• DATASET RECORDS

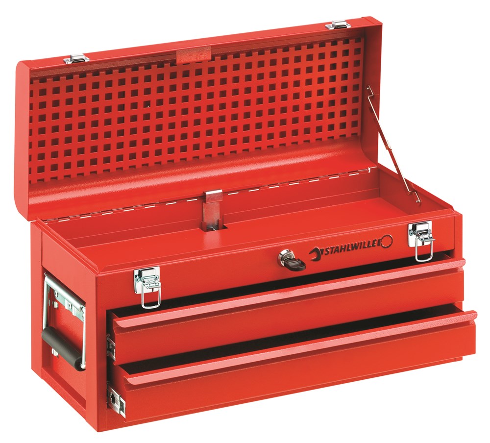 Met 2 schuifladen, een vak onder het deksel (elk 449 x 55 x 185 mm), veiligheidsslot en met kunststof beklede greep bovenop het deksel. Brede, geveerde, met kunststof beklede grepen aan de zijkant. Hoogwaardig, robuust, volledig uittrekbaar glijrailsysteem. De schuifladen zijn eenvoudig uitneembaar. Individuele indeling in het deksel met veerklemmen nr. 8050.
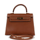 This Kelly, in the Sellier style, is in Gold Courchevel leather with gold hardware and has contrast stitching, two straps with front toggle closure, single rolled handle and removable shoulder strap.
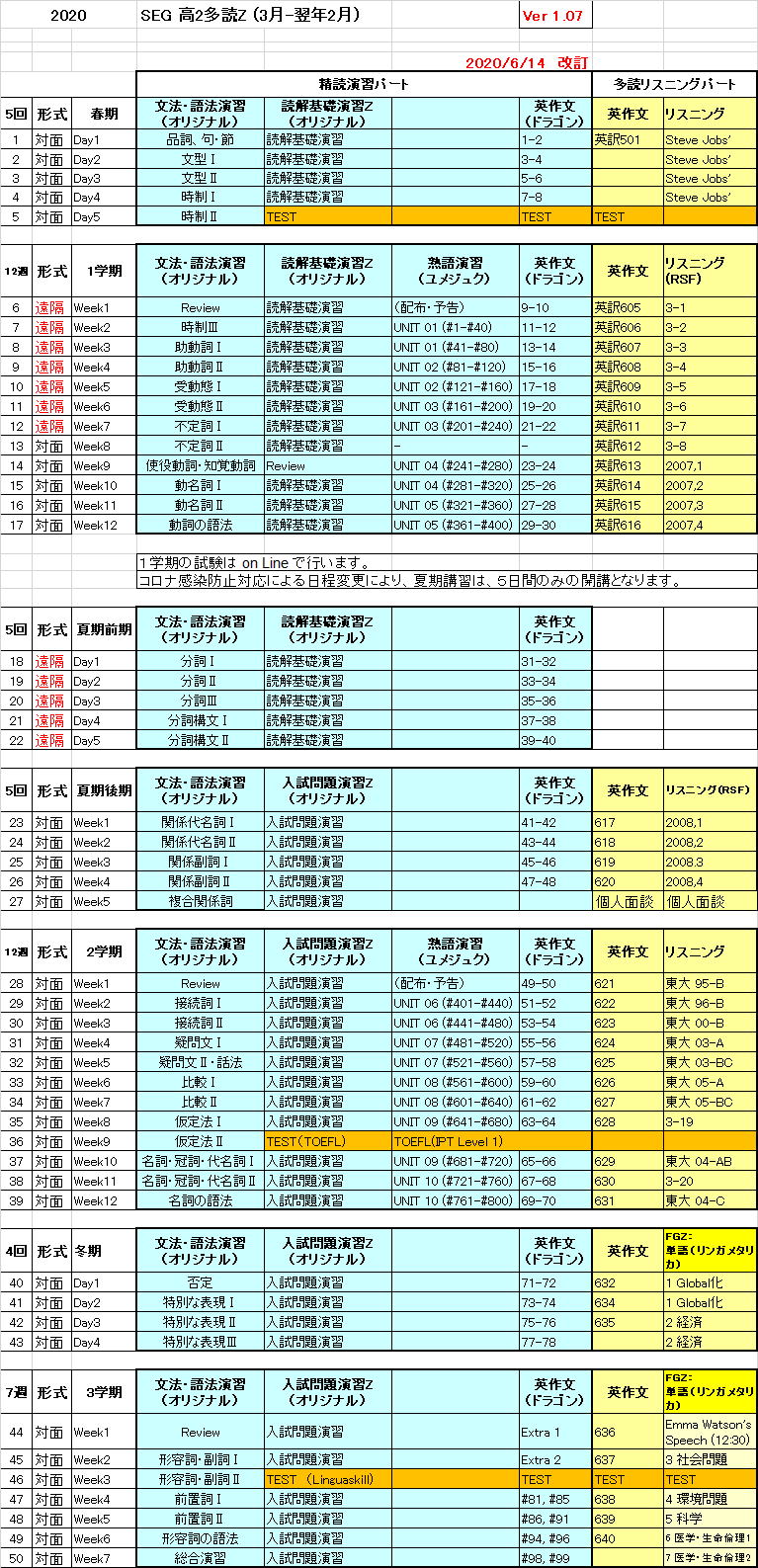 高2多読Zの進度表 高2多読Yの進度表 高2多読のページに戻る
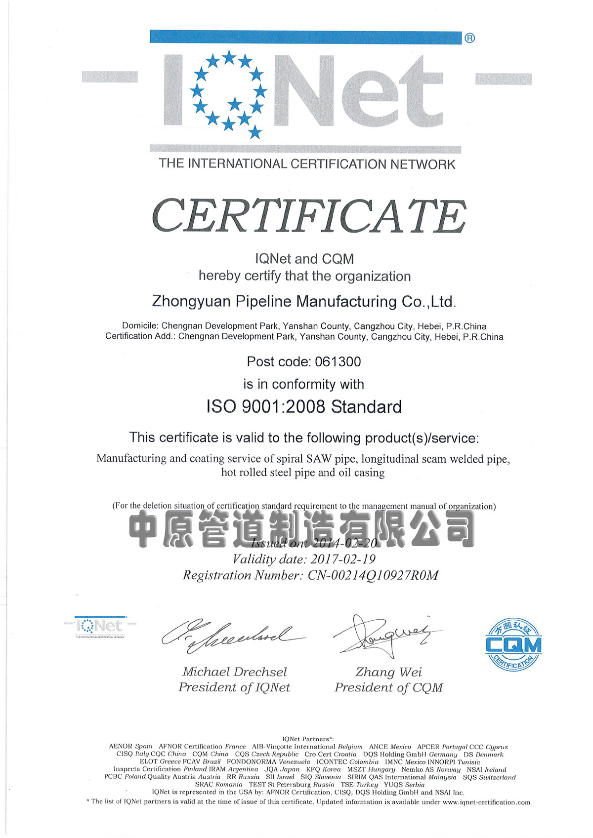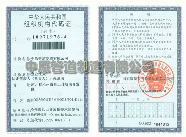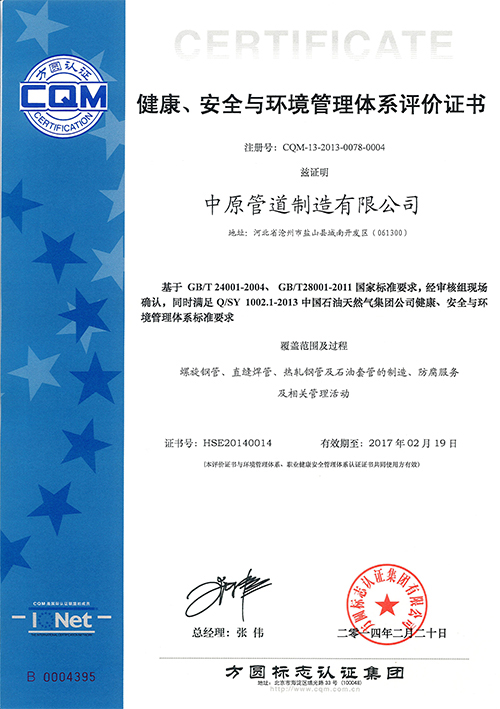 HSE健康安全環(huán)境管理體系評價證書(2014)
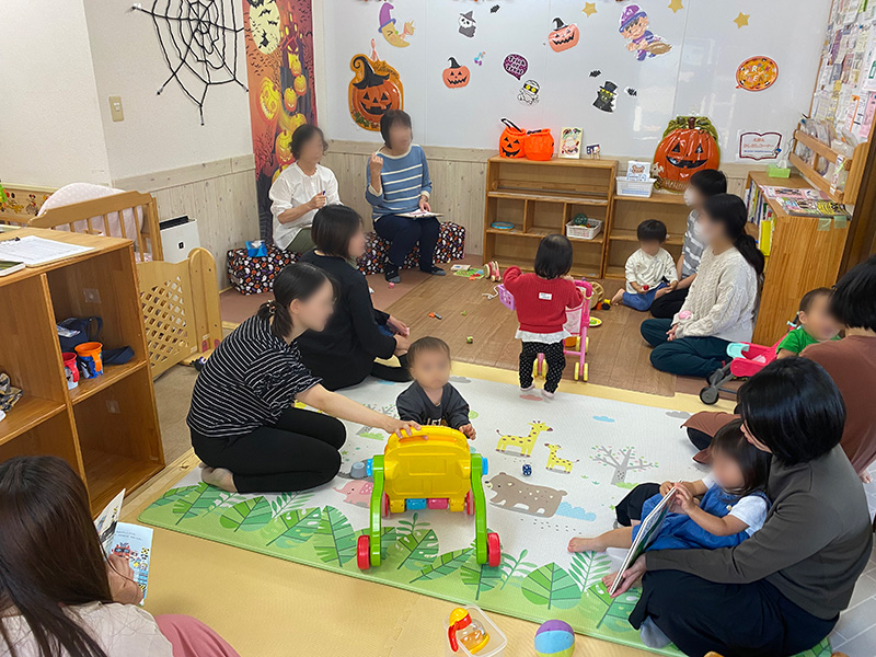 「子育てサポート:グランマふみ」のおふたり(亀田さん・成田さん)にこえんひろばで「子育てで大切にしたいこと」を参加者さんと日頃の困りごとやエピソードを話したり聞いたりして話し合いました。
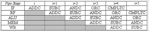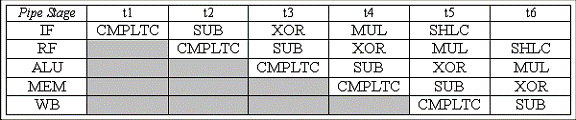 CMPLTC va fi prima instructiune care va lua noua valoare a lui R0. Toate Instructiunile anterioare folosesc valoarea precedenta a lui R0. Instructiunea ADDC este in stadiul WB, in timp ce ORC este in stadiul RF, deci noua valoare a lui R0 nu este scrisa la timp pentru ca ORC sa o citeasca.

• EXERCISE BRIEF
Line by line, return the listing above exactly, leaving out its pictures.

• OUTPUT BELOW
 Met 2 schuifladen, een vak onder het deksel (elk 449 x 55 x 185 mm), veiligheidsslot en met kunststof beklede greep bovenop het deksel. Brede, geveerde, met kunststof beklede grepen aan de zijkant. Hoogwaardig, robuust, volledig uittrekbaar glijrailsysteem. De schuifladen zijn eenvoudig uitneembaar. Individuele indeling in het deksel met veerklemmen nr. 8050.
 This Kelly, in the Sellier style, is in Gold Courchevel leather with gold hardware and has contrast stitching, two straps with front toggle closure, single rolled handle and removable shoulder strap.
 高2多読Zの進度表 高2多読Yの進度表 高2多読のページに戻る
 HSE健康安全環(huán)境管理體系評價證書(2014)
 「子育てサポート:グランマふみ」のおふたり(亀田さん・成田さん)にこえんひろばで「子育てで大切にしたいこと」を参加者さんと日頃の困りごとやエピソードを話したり聞いたりして話し合いました。
 CMPLTC va fi prima instructiune care va lua noua valoare a lui R0. Toate Instructiunile anterioare folosesc valoarea precedenta a lui R0. Instructiunea ADDC este in stadiul WB, in timp ce ORC este in stadiul RF, deci noua valoare a lui R0 nu este scrisa la timp pentru ca ORC sa o citeasca.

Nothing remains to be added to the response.